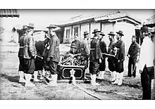 The fire fighting system of the Joseon Dynasty was established in 1426 (Sejong 8th year), the first firefighting organization specialized in the Korean Peninsula was set up under the salary, and began taking charge of the fire protection work.[6] Initially, the forbidden army suppressed the fire, renamed the fire battalion as Ghum-Hwa(금화,禁火. fire fighter) in the dynasty era and working for 24 hours.[7][8]
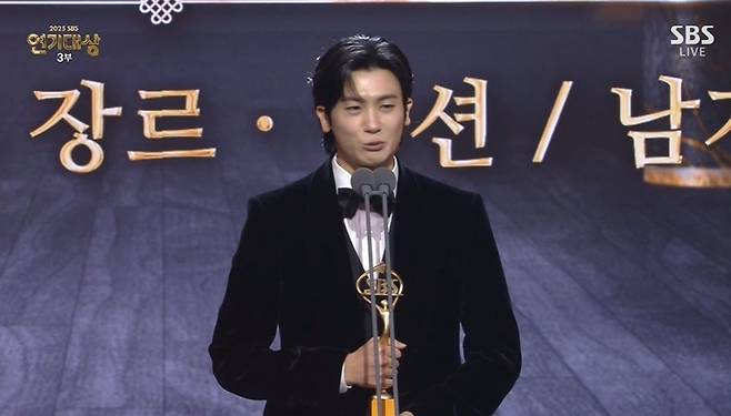 이날 이제훈이 '2025 SBS 연기대상' 대상을 차지했다. '모범택시2'로 '2023 SBS연기대상'에서 대상을 받은 데 이어 두 번째 대상.
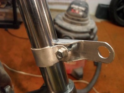 - Clamp the bracket to the fork tube with a clamp and force the long end around the tube by hand until the mounting tab comes all the way around
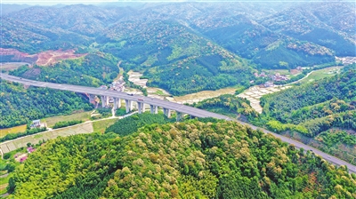 4月30日,全南县龙下乡境内的南龙高速从盛开的野栗子花中穿行而过,与青山、田园、村庄交相辉映,美不胜收。
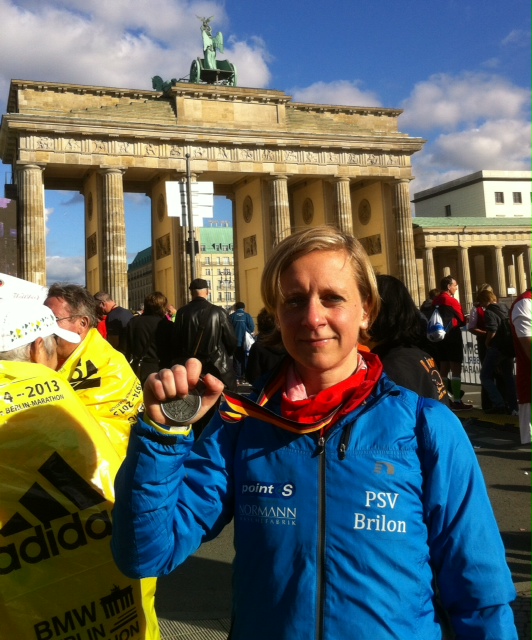 Anja im Ziel beim Berlin Marathon
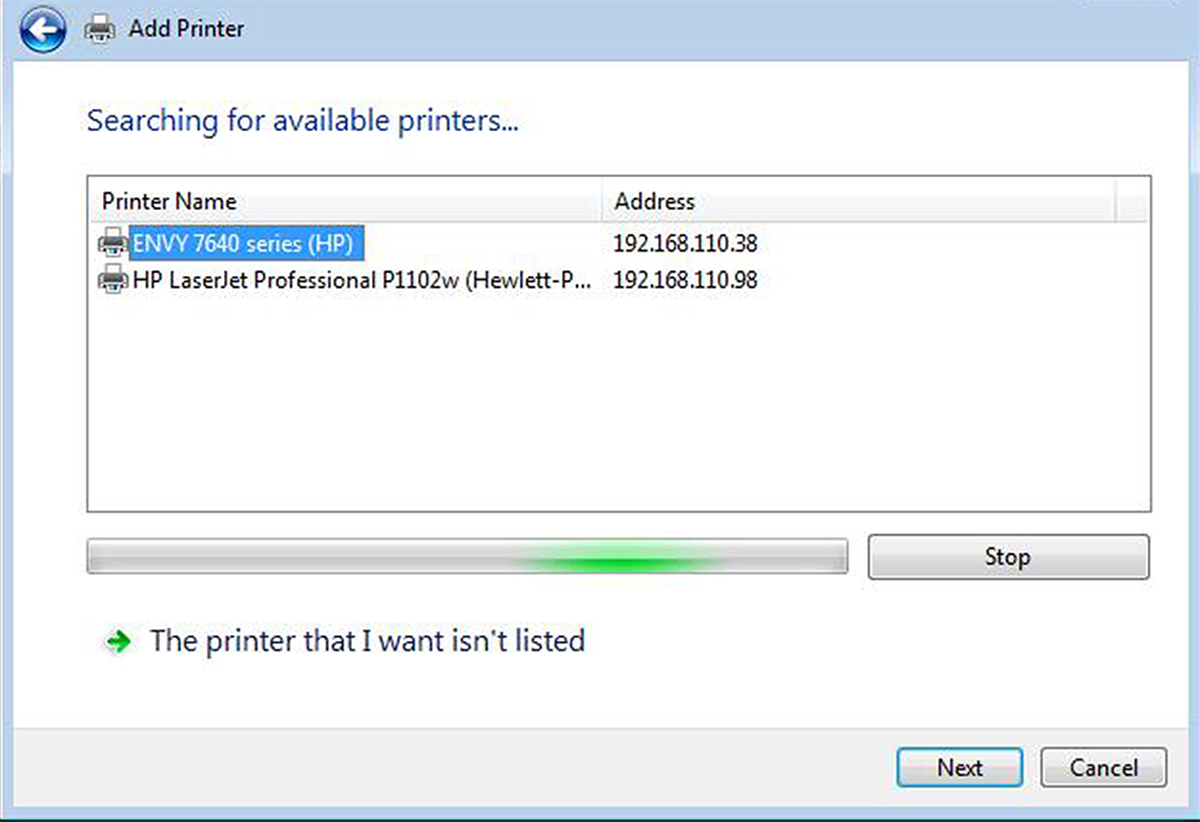 | 9. | Follow the onscreen instructions to search, locate and install your printer. Windows automatically searches for available printers on the network . |
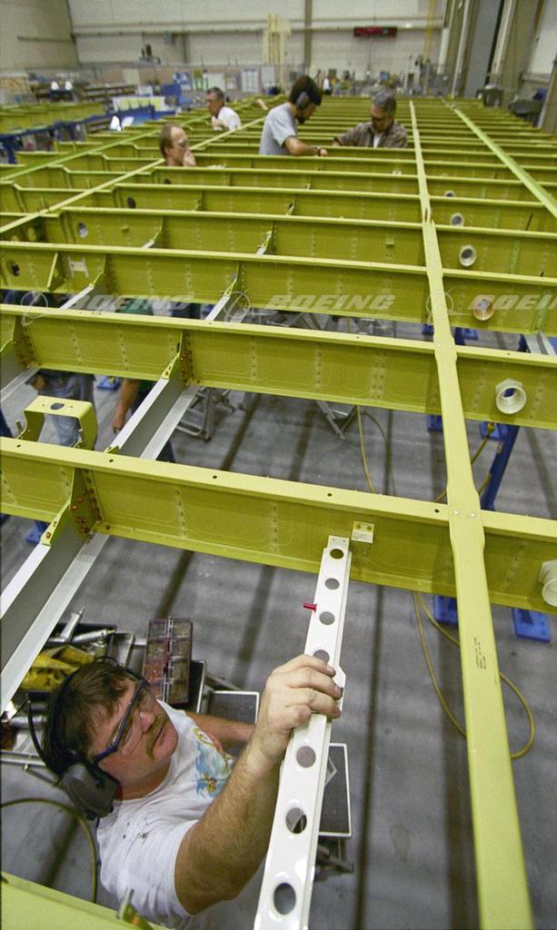 The floor beams for a 767-400ER's forward fuselage Section 43 are placed into tooling.
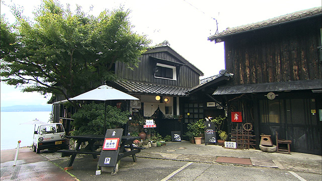 余呉湖畔に佇む料亭。
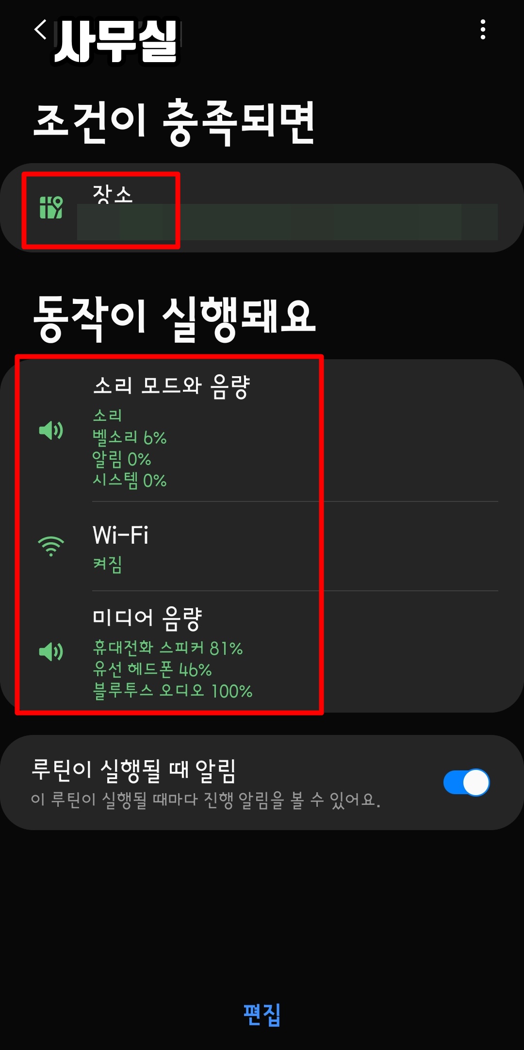 먼저 매일마다 타고 다니는 자동차입니다. 차에 타고 자동차와 블루투스가 연결되면 설정해놓대로 설정이 됩니다. 그리고 집, 사무실은 내가 설정해놓은 주소로 가면 설정이 됩니다. 정말 편리한 기능 아닌가요? 꼭 사용해보시기 바라겠습니다.
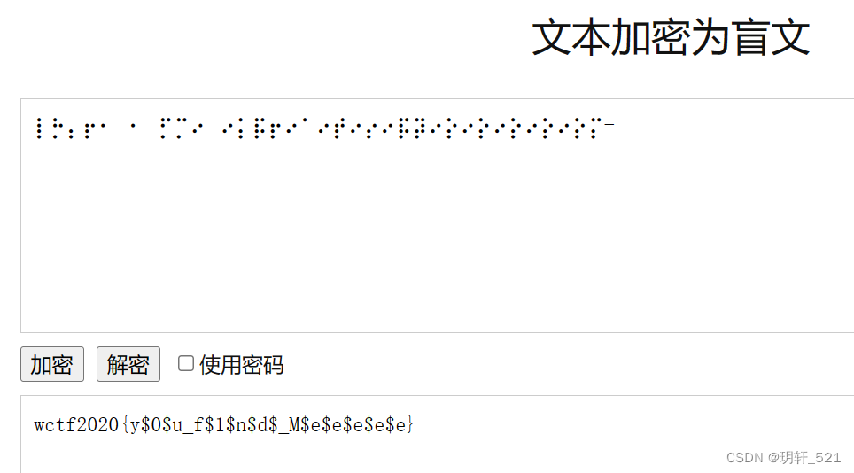 2、在备注发现一串字符,似乎是盲文,使用在线网站进行解密,得到flag。 盲文加解密在线网站
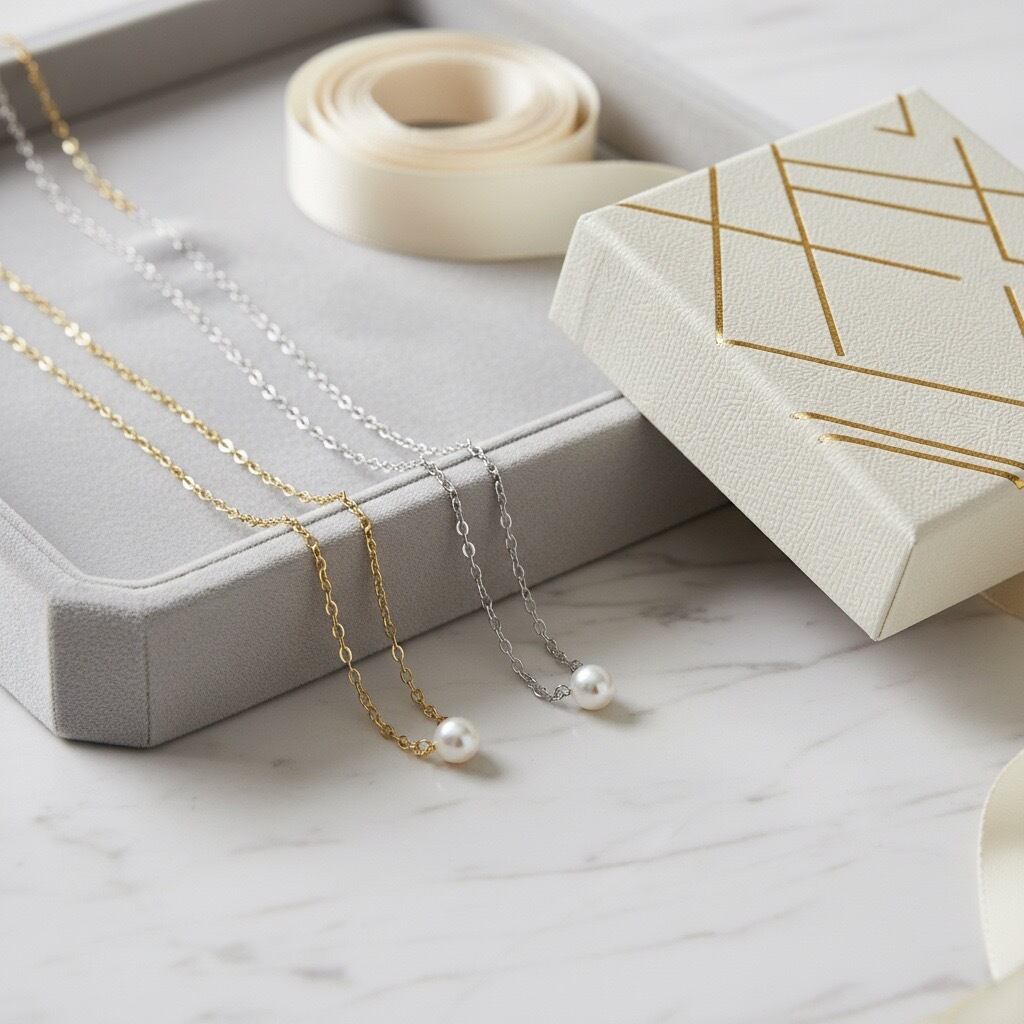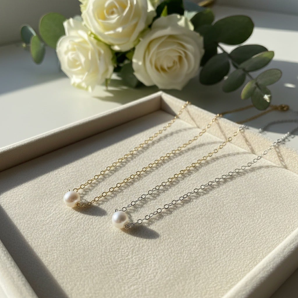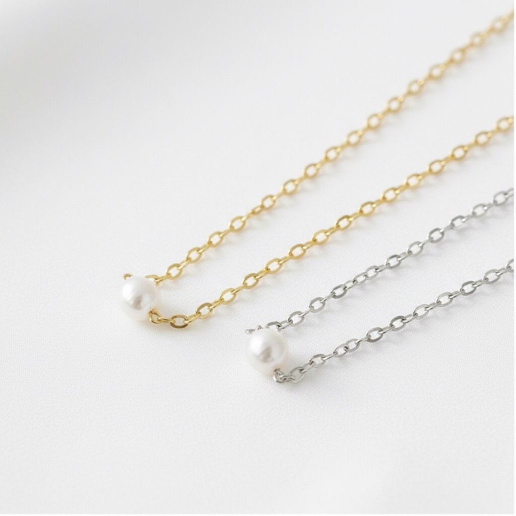 艶やかな光を放つ一粒のパールを、繊細なチェーンにあしらった上品なネックレス。余計な装飾を省いたミニマルなデザインが、デコルテを美しく引き立てます。サージカルステンレス316L素材を使用し、水や汗に強く変色しにくいため、つけっぱなしにもおすすめ。シルバーとゴールドの2色展開で、シンプルながら女性らしい華やかさを添えます。日常使いからフォーマルなシーンまで幅広く活躍し、贈り物にも最適なアイテムです。
# # # # #
* [REQUIRED ACTION]: Pictures stay out; output the lines from the top of the listing above through the line containing "Anja im Ziel beim Berlin Marathon", exactly as they stand.

* [TASK RESPONSE]:
 The fire fighting system of the Joseon Dynasty was established in 1426 (Sejong 8th year), the first firefighting organization specialized in the Korean Peninsula was set up under the salary, and began taking charge of the fire protection work.[6] Initially, the forbidden army suppressed the fire, renamed the fire battalion as Ghum-Hwa(금화,禁火. fire fighter) in the dynasty era and working for 24 hours.[7][8]
 이날 이제훈이 '2025 SBS 연기대상' 대상을 차지했다. '모범택시2'로 '2023 SBS연기대상'에서 대상을 받은 데 이어 두 번째 대상.
 - Clamp the bracket to the fork tube with a clamp and force the long end around the tube by hand until the mounting tab comes all the way around
 4月30日,全南县龙下乡境内的南龙高速从盛开的野栗子花中穿行而过,与青山、田园、村庄交相辉映,美不胜收。
 Anja im Ziel beim Berlin Marathon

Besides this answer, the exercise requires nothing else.